BEGIN Exercise data

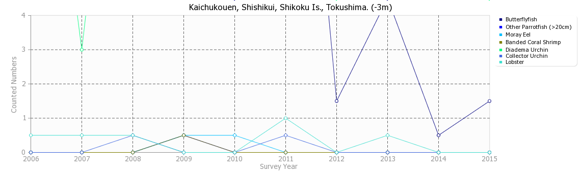 カウントなし:フエダイ類, サラサハタ, メガネモチノウオ, カンムリブダイ, ブダイ類(20cm以上), ウツボ類, シラヒゲウニ, ナマコ類, オニヒトデ, シャコガイ類, ホラガイ
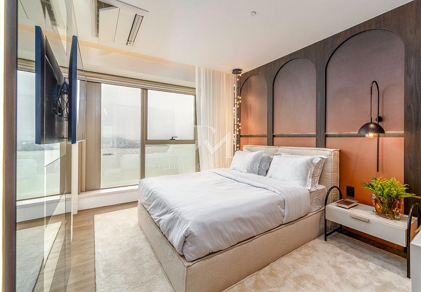 E essa unidade em destaque vai além do extraordinário: parte do seu mobiliário foi assinada pela icônica Fendi Casa, marca italiana reconhecida mundialmente por seu estilo sofisticado e atemporal. Desde 1989, a Fendi Casa é referência no desenvolvimento de móveis e objetos de design que aliam tradição e inovação, presentes nas mais prestigiadas residências, iates, vilas e jatos executivos ao redor do mundo. O resultado é uma ambientação exclusiva, que reflete o gosto pessoal do cliente com a elegância inconfundível da grife, além de um cuidado especial com a sustentabilidade.
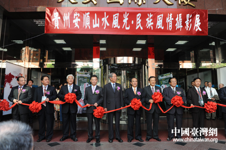 中國臺灣網3月9日安順消息 3月6日下午,由貴州安順市委宣傳部、市委臺灣工作辦公室、市委外宣辦(政府新聞辦),貴州黃果樹集團有限公司與臺灣文化藝術發展促進會,臺灣大安國際股份有限公司,臺灣日出藝術公司聯合舉辦的“貴州安順山水風光、民族風情360度大型攝影展”在臺灣臺中市忠明南路大安國際大廈隆重開幕。
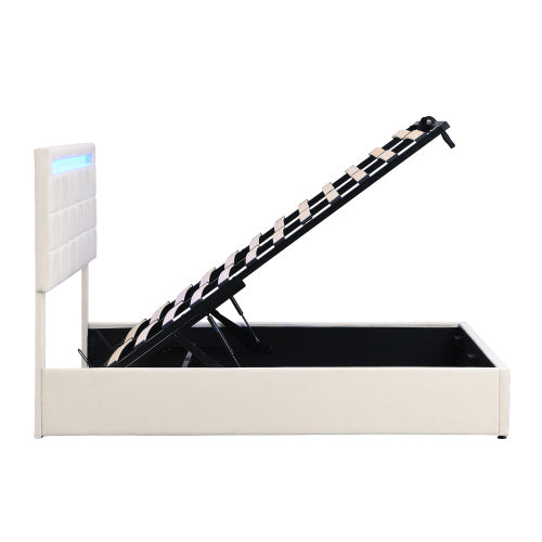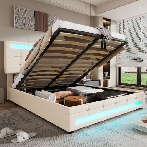 Upholstered Bed, Hydraulic Bed, Adults Teenagers 4ft6 Double Bed 135x190cm, Square Embellishment, With 7colors LED-light Strips, Velvet Iron, Beige
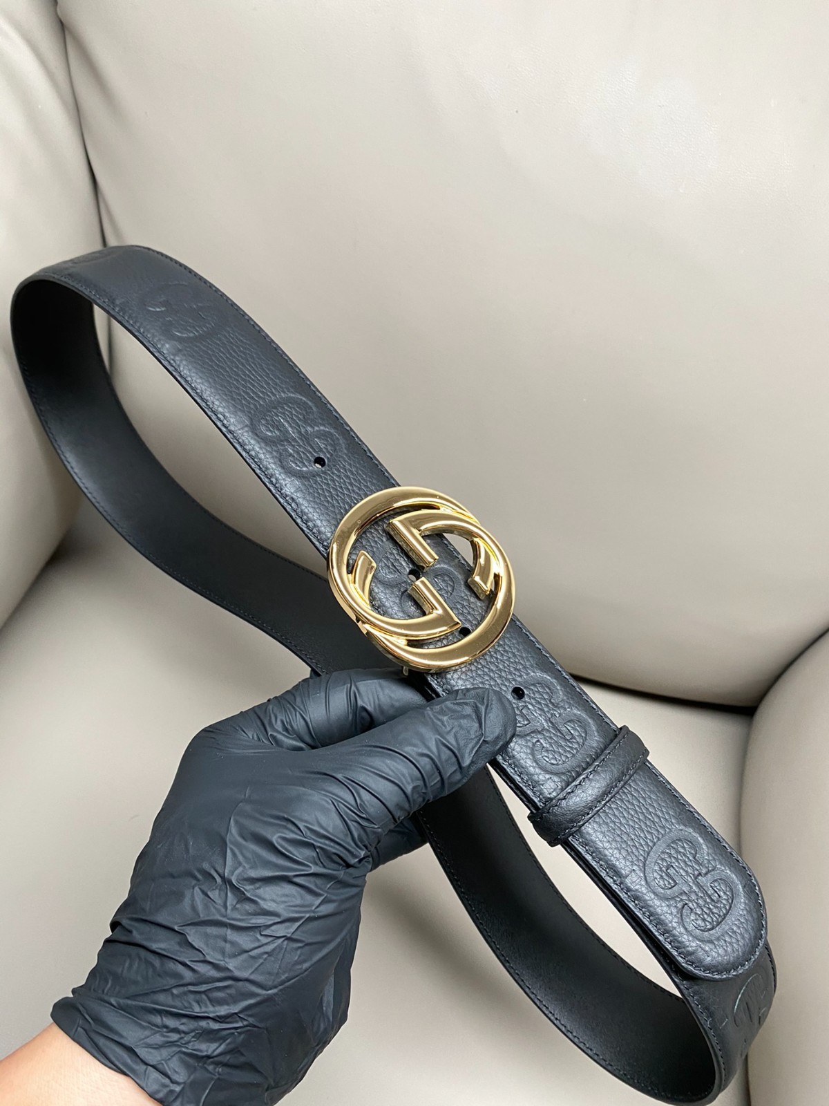 BELT GUCCI BELT BLACK LEATHER 100% AUTHENTIC Gold BUCKLE CLASSIC LOGO Width:4.0cm/1.57in Size: 80/32-Pants: 26-28, Waist (in): 25.59-28.74 85/34-Pants: 28-30, Waist (in): 28.74-31.50 90/36-Pants: 30-33, Waist (in): 31.50-34.25 95/38-Pants: 33-35, Waist (in): 34.25-36.61 100/40-Pants: 35-37, Waist (in): 36.61-39.37 105/42-Pants: 37-40, Waist (in): 39.37-43.31 110/44-Pants: 40-42, Waist (in): 43.31-47.24

END Exercise data

What is being asked: Each line in the records above should be reproduced exactly; images are not copied.

Output of the task:
 カウントなし:フエダイ類, サラサハタ, メガネモチノウオ, カンムリブダイ, ブダイ類(20cm以上), ウツボ類, シラヒゲウニ, ナマコ類, オニヒトデ, シャコガイ類, ホラガイ
 E essa unidade em destaque vai além do extraordinário: parte do seu mobiliário foi assinada pela icônica Fendi Casa, marca italiana reconhecida mundialmente por seu estilo sofisticado e atemporal. Desde 1989, a Fendi Casa é referência no desenvolvimento de móveis e objetos de design que aliam tradição e inovação, presentes nas mais prestigiadas residências, iates, vilas e jatos executivos ao redor do mundo. O resultado é uma ambientação exclusiva, que reflete o gosto pessoal do cliente com a elegância inconfundível da grife, além de um cuidado especial com a sustentabilidade.
 中國臺灣網3月9日安順消息 3月6日下午,由貴州安順市委宣傳部、市委臺灣工作辦公室、市委外宣辦(政府新聞辦),貴州黃果樹集團有限公司與臺灣文化藝術發展促進會,臺灣大安國際股份有限公司,臺灣日出藝術公司聯合舉辦的“貴州安順山水風光、民族風情360度大型攝影展”在臺灣臺中市忠明南路大安國際大廈隆重開幕。
 Upholstered Bed, Hydraulic Bed, Adults Teenagers 4ft6 Double Bed 135x190cm, Square Embellishment, With 7colors LED-light Strips, Velvet Iron, Beige
 BELT GUCCI BELT BLACK LEATHER 100% AUTHENTIC Gold BUCKLE CLASSIC LOGO Width:4.0cm/1.57in Size: 80/32-Pants: 26-28, Waist (in): 25.59-28.74 85/34-Pants: 28-30, Waist (in): 28.74-31.50 90/36-Pants: 30-33, Waist (in): 31.50-34.25 95/38-Pants: 33-35, Waist (in): 34.25-36.61 100/40-Pants: 35-37, Waist (in): 36.61-39.37 105/42-Pants: 37-40, Waist (in): 39.37-43.31 110/44-Pants: 40-42, Waist (in): 43.31-47.24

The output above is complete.